◆ Entries shown:
□ □ □ □ □ □ □
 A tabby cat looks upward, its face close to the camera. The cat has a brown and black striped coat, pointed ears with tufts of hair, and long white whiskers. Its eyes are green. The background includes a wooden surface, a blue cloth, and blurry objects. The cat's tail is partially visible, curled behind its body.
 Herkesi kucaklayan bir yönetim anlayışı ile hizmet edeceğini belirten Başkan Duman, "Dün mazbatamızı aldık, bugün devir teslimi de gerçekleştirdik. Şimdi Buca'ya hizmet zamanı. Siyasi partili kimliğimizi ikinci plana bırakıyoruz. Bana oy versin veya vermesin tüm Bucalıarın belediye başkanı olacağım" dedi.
□ □ □ □ □ □ □
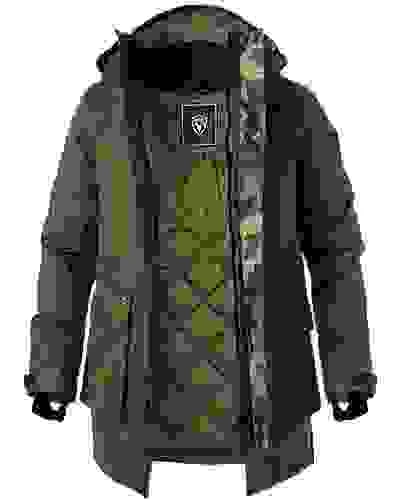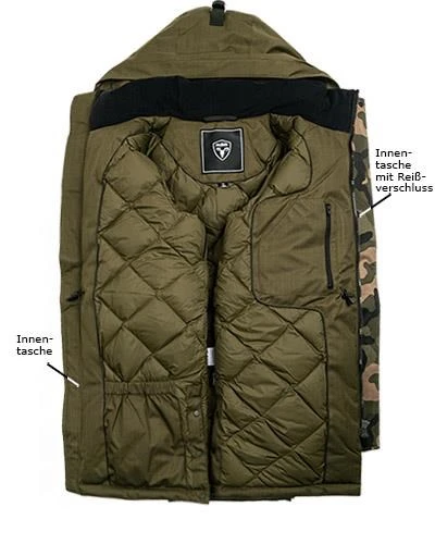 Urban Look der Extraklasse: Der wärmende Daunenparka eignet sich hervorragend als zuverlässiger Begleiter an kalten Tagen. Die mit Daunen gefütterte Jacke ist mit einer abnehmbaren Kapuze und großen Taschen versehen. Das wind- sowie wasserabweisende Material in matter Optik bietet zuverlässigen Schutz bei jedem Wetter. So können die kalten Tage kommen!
□ □ □ □ □ □ □
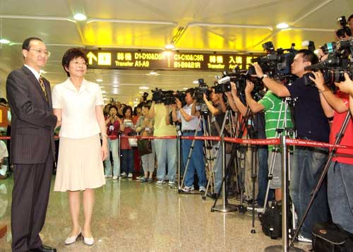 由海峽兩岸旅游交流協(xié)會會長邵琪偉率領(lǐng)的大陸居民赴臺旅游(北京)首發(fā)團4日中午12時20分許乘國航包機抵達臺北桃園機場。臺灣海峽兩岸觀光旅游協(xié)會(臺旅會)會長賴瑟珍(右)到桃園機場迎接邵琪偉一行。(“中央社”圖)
□ □ □ □ □ □ □
◆ Brief: From the material above, retype precisely the lines between the line holding "A tabby cat" and the line holding "Herkesi kucaklayan bir", inclusive, and nothing beyond them.

◆ Expected output:
 A tabby cat looks upward, its face close to the camera. The cat has a brown and black striped coat, pointed ears with tufts of hair, and long white whiskers. Its eyes are green. The background includes a wooden surface, a blue cloth, and blurry objects. The cat's tail is partially visible, curled behind its body.
 Herkesi kucaklayan bir yönetim anlayışı ile hizmet edeceğini belirten Başkan Duman, "Dün mazbatamızı aldık, bugün devir teslimi de gerçekleştirdik. Şimdi Buca'ya hizmet zamanı. Siyasi partili kimliğimizi ikinci plana bırakıyoruz. Bana oy versin veya vermesin tüm Bucalıarın belediye başkanı olacağım" dedi.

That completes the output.